Assignment:
Restate every line of the data word for word, except for the images.

Input data:

*****

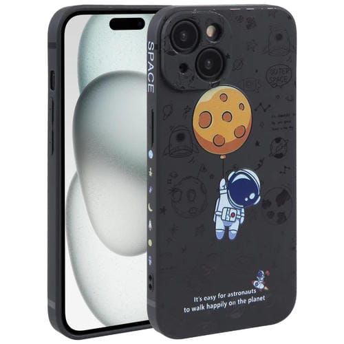Funda para Teléfono iPhone 15 Silicona Borde Recto Patrón Astronauta (Negro)
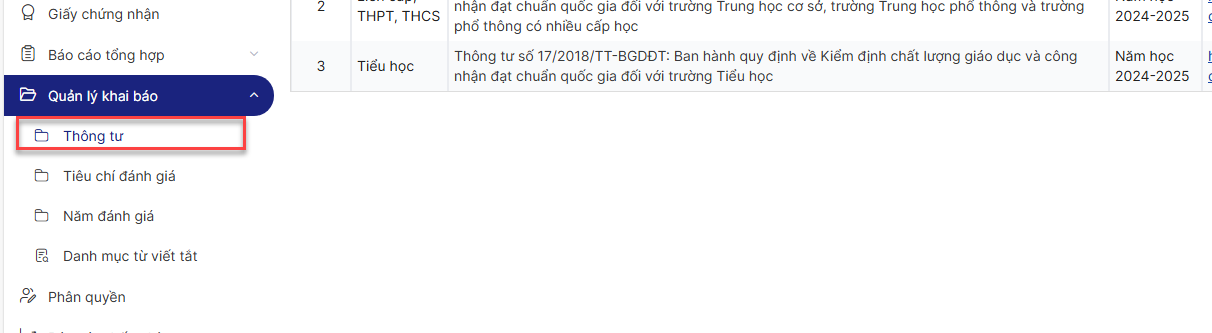 Bước 3: Click menu Quản lý khai báo > Thông tư
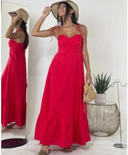Midi φόρεμα με κορδονάκια στους ώμους. Στην πλάτη διαθέτει σφηκοφωλιά.
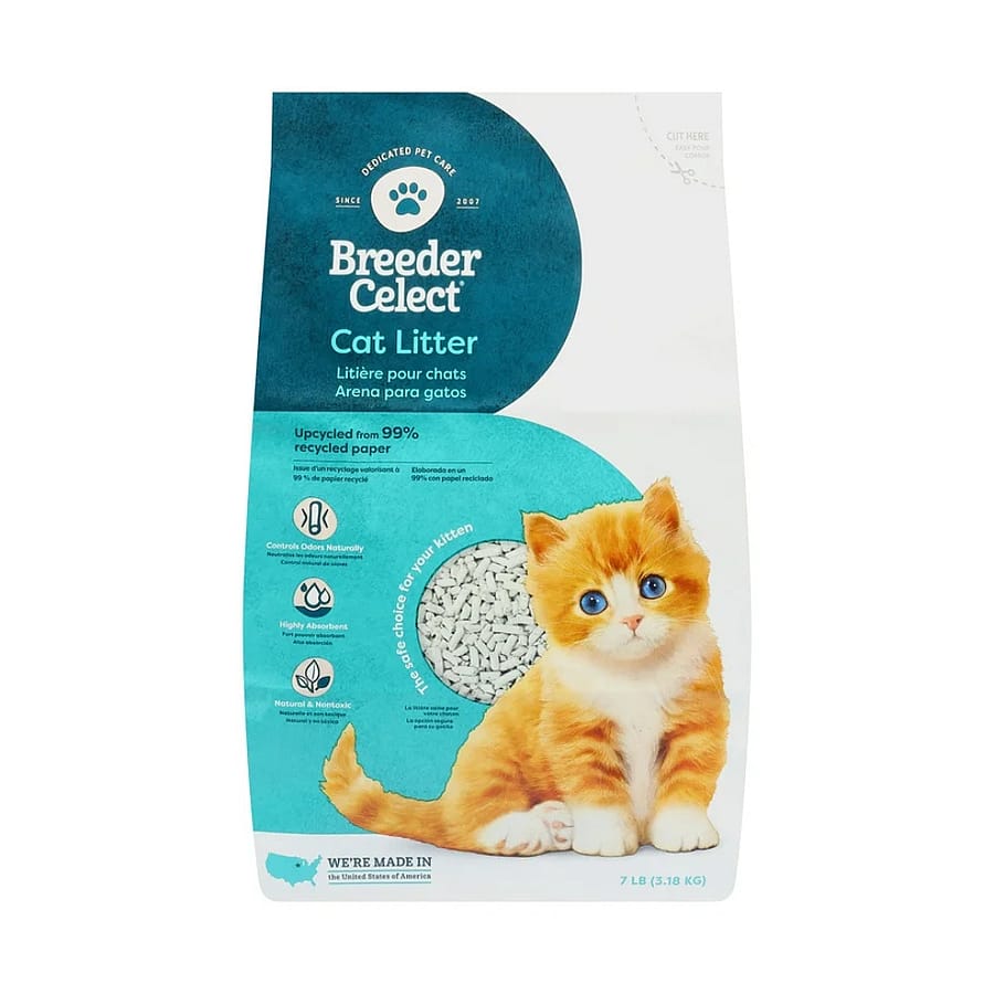 This non-clumping cat litter is made from 99% recycled paper, forming ultra-absorbent white pellets that naturally trap moisture and odors. Soft on paws and virtually dust-free, it’s free from chemicals or additives—ideal for kittens, multi-cat homes, or cats with respiratory sensitivities.

*****

Exercise response:
Funda para Teléfono iPhone 15 Silicona Borde Recto Patrón Astronauta (Negro)
 Bước 3: Click menu Quản lý khai báo > Thông tư
Midi φόρεμα με κορδονάκια στους ώμους. Στην πλάτη διαθέτει σφηκοφωλιά.
 This non-clumping cat litter is made from 99% recycled paper, forming ultra-absorbent white pellets that naturally trap moisture and odors. Soft on paws and virtually dust-free, it’s free from chemicals or additives—ideal for kittens, multi-cat homes, or cats with respiratory sensitivities.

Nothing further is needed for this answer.